Developing video captioning models is computationally expensive. The dynamic nature of video also complicates the design of multimodal models that can effectively caption these sequences. However, we find that by using minimal computational resources and without complex modifications to address video dynamics, an image-based model can be repurposed to outperform several specialised video captioning systems. Our adapted model demonstrates top tier performance on major benchmarks, ranking 2nd on MSRVTT and MSVD, and 3rd on VATEX. We transform it into a competitive video captioner by post training a typical image captioning model BLIP2 with only 6,000 video text pairs and simply concatenating frames (significantly fewer data than other methods), which use 2.5 to 144 million pairs. From a resource optimization perspective, this video captioning study focuses on three fundamental factors: optimizing model scale, maximizing data efficiency, and incorporating reinforcement learning.

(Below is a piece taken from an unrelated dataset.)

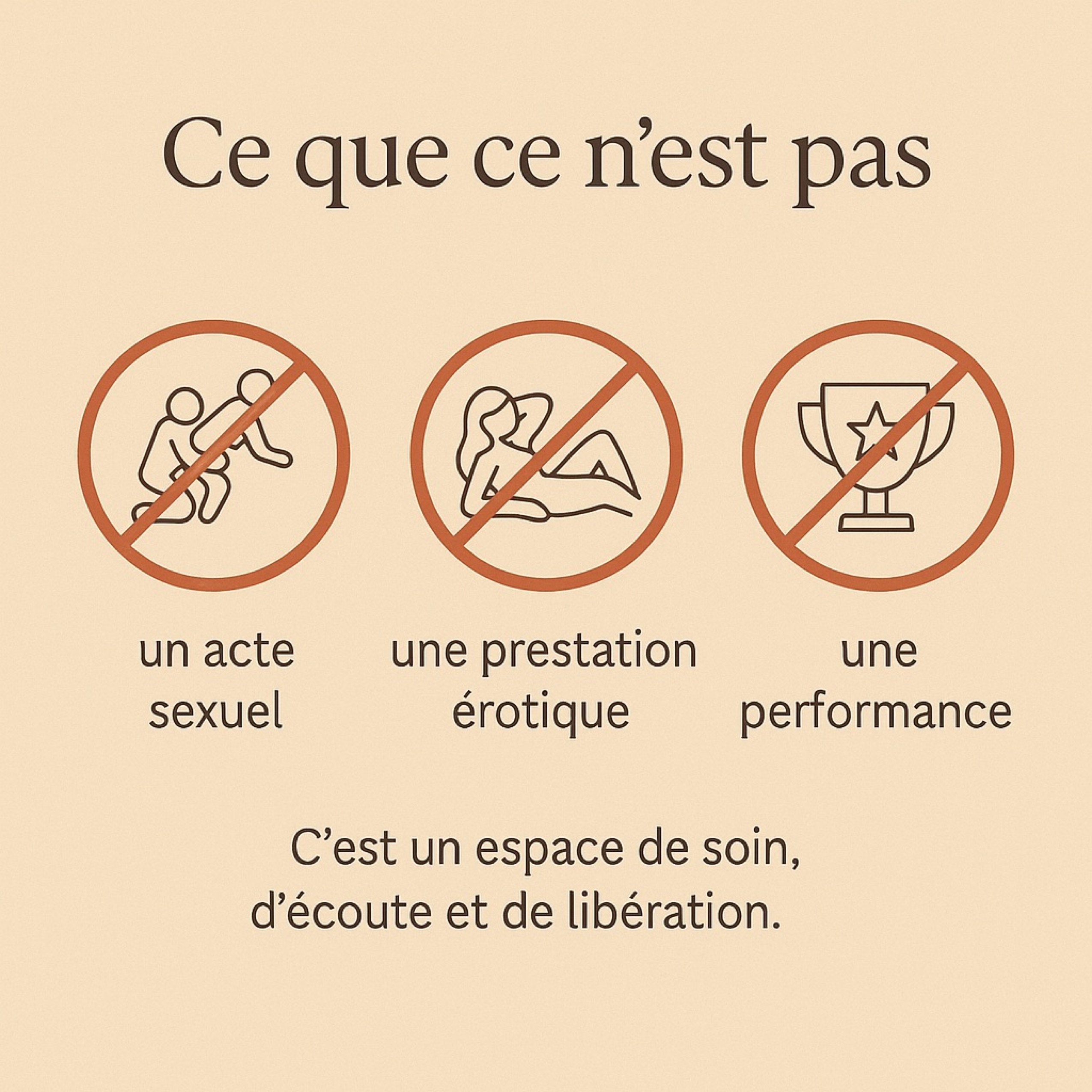 Il ne s’agit en aucun cas d’un acte sexuel, ni d’un soin médical, mais d’un massage profondément respectueux, non intrusif, et émotionnellement soutenant, lorsque pratiqué dans un cadre éthique.
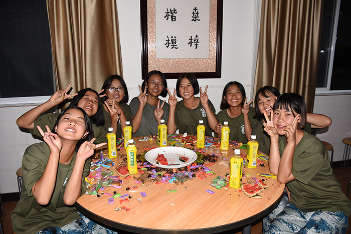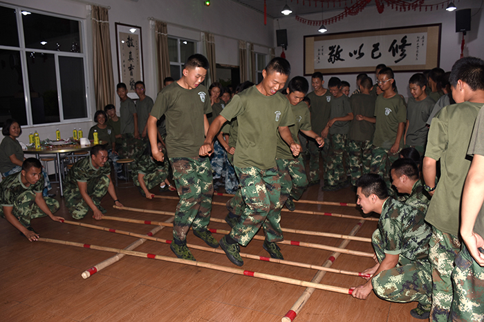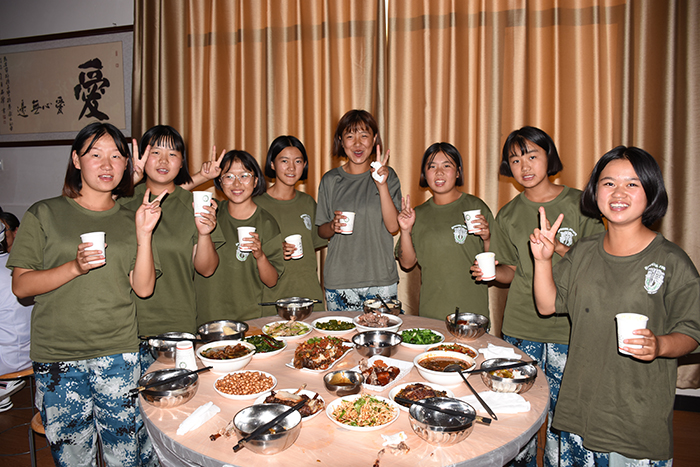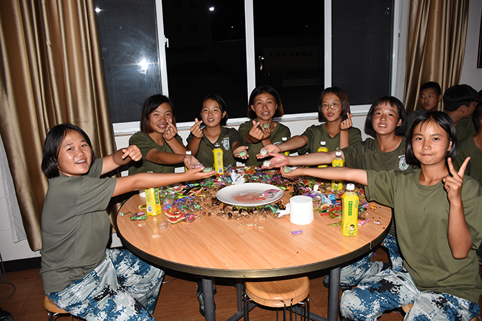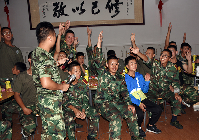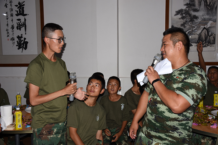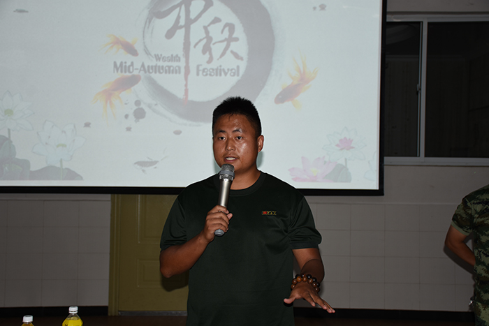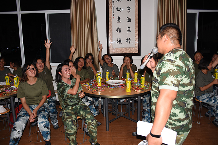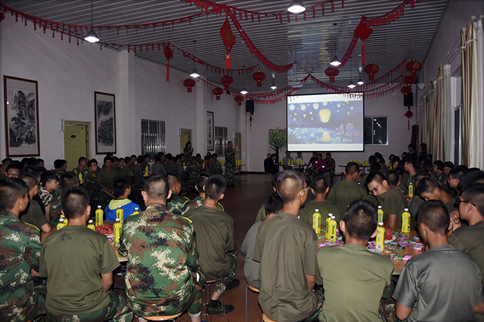其間,晚會(huì)的主持人(副總教官王濤)把有趣的“猜謎語(yǔ)”貫穿其中,大家爭(zhēng)前恐后舉手搶答,或討論、或冥思,就為猜出謎底那一刻的滿足,拿到獎(jiǎng)品的那份開心。整個(gè)晚會(huì),孩子們一邊吃著老師們精心在家樂(lè)福挑選的月餅、果汁、零食,一邊欣賞著精彩紛呈的節(jié)目,樂(lè)在其中,氣氛非常熱烈。

This extensive study demonstrates that a lightweight, image based adaptation strategy can rival state-of-the-art video captioning systems, offering a practical solution for low-resource scenarios.

Paper Structure

This paper contains 37 sections, 11 figures, 3 tables.

Figures (11)

  • Figure 1: Key factors in recycling BLIP for video captioning: Model – assessing the scale and trainability of components like the ViT, LLM, and Q-Former; Data – examining the volume, quality, and fusion strategies for image and video-text pairs; Supervision – employing reinforcement learning to align generated captions with human language quality standards (CIDEr).
  • Figure 2: Comparisons of different setups for models on the MSR-VTT dataset: (a) freezing modules, (b) scales of LLMs, (c) usage of image-text pairs in pretrained BLIP-2, and (d) supervision with and without SCST. We also replicate the comparisons and ablations on other datasets (e.g., MSVD and VATEX) in App. \ref{['sec:app:msvd']}.
  • Figure 3: (a) temporal fusion by average v.s. concatenation; (b) different resolutions.
  • Figure 4: Training curves of the video captioning model on MSR-VTT, with different module freezing configurations. The vision backbone is ViT, and the language backbone is FLAN-T5. The curves represent three settings: (a) ViT frozen, (b) only Q-former trainable, and (c) all components trainable.
  • Figure 5: Training curves of a video captioning model with different sizes of LLMs. (a), (b), and (c) show training curves of LLMs with sizes 2.7B, 3B, and 7B respectively.